━━ DATASET SECTION
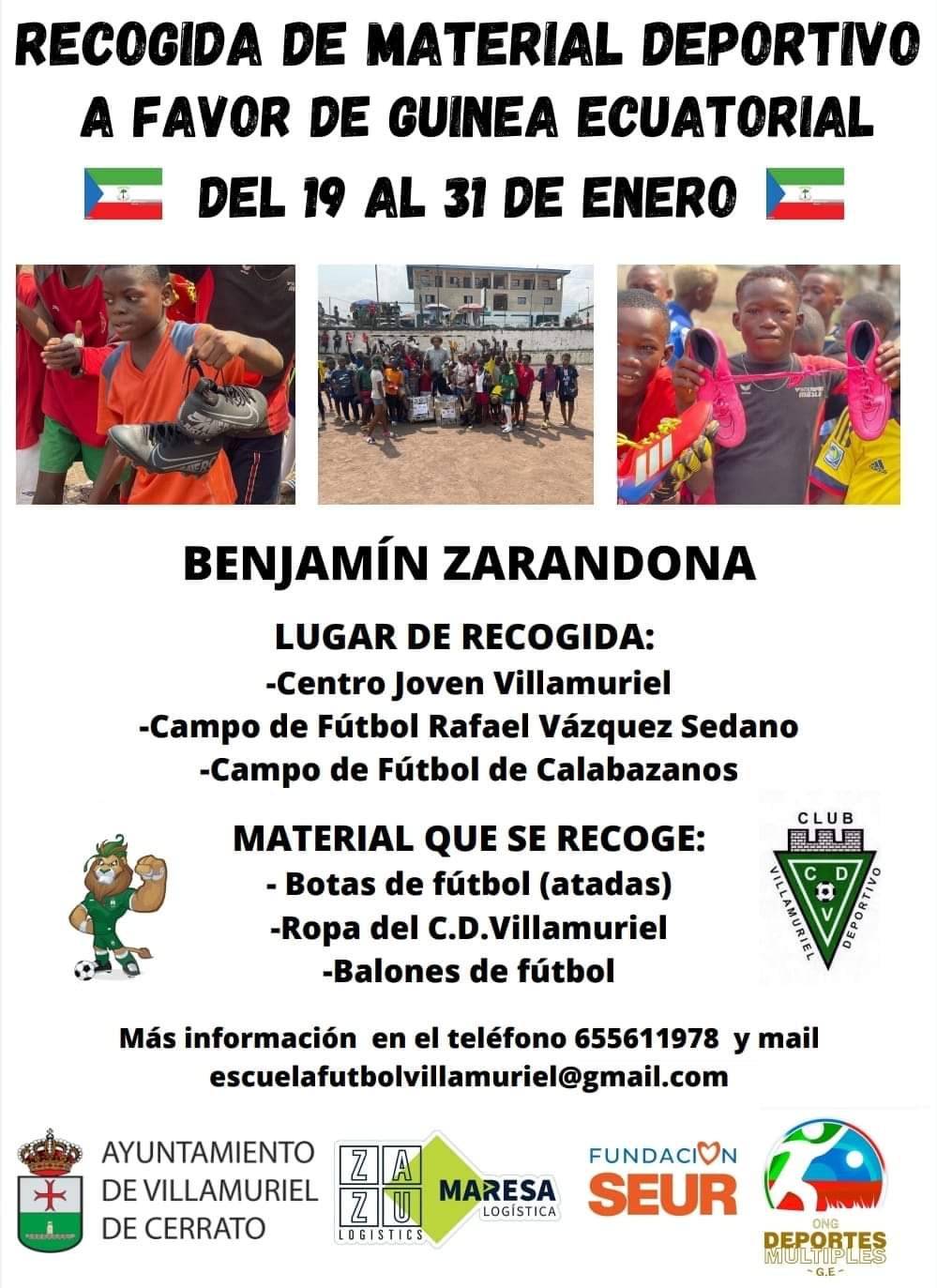 La Escuela de Fútbol y el CD Villamuriel, colaboran con Benjamín Zarandona (ex jugador del Real Valladolid, Real Betis,CF Palencia…) en una recogida de material deportivo a favor de los niños de Guinea Ecuatorial.
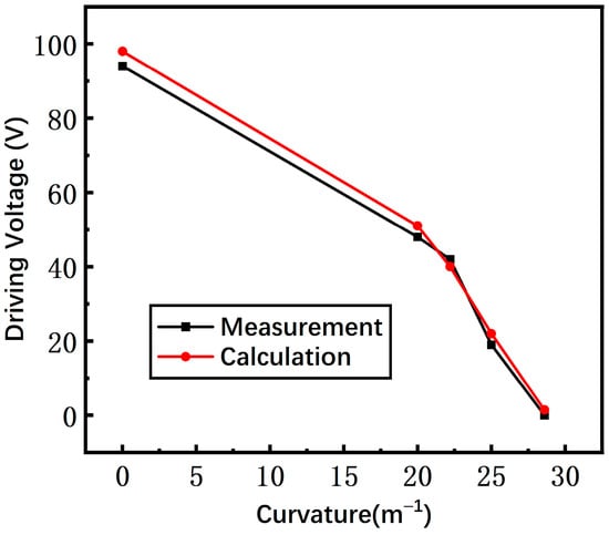 The different bending curvature frames of 0 m−1, 20.0 m−1, 22.2 m−1, 25.0 m−1, and 28.6 m−1 are designed to provide the test conditions. The driving voltage and S parameters are measured by an adjustable DC source (UNIT, Dongguan, China), a vector network analyzer (Keysight Technologies, Santa Rosa, CA, USA), and a probe station (Cascade Microtech, Beaverton, OR, USA) with two 150 µm pitch G/S/G probes.
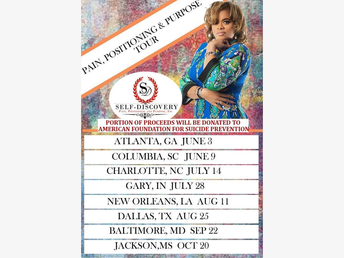 The Self Discovery: Pain, Positioning and Purpose Tour will be an educational, empowering and inspirational forum for individuals and families struggling with the causes and effects of mental illness, depression and suicide.
━━━━
* **WHAT NEEDS TO BE DONE**:
Output the material word for word. Pictures do not go in.

* **COMPLETED EXERCISE**:
 La Escuela de Fútbol y el CD Villamuriel, colaboran con Benjamín Zarandona (ex jugador del Real Valladolid, Real Betis,CF Palencia…) en una recogida de material deportivo a favor de los niños de Guinea Ecuatorial.
 The different bending curvature frames of 0 m−1, 20.0 m−1, 22.2 m−1, 25.0 m−1, and 28.6 m−1 are designed to provide the test conditions. The driving voltage and S parameters are measured by an adjustable DC source (UNIT, Dongguan, China), a vector network analyzer (Keysight Technologies, Santa Rosa, CA, USA), and a probe station (Cascade Microtech, Beaverton, OR, USA) with two 150 µm pitch G/S/G probes.
 The Self Discovery: Pain, Positioning and Purpose Tour will be an educational, empowering and inspirational forum for individuals and families struggling with the causes and effects of mental illness, depression and suicide.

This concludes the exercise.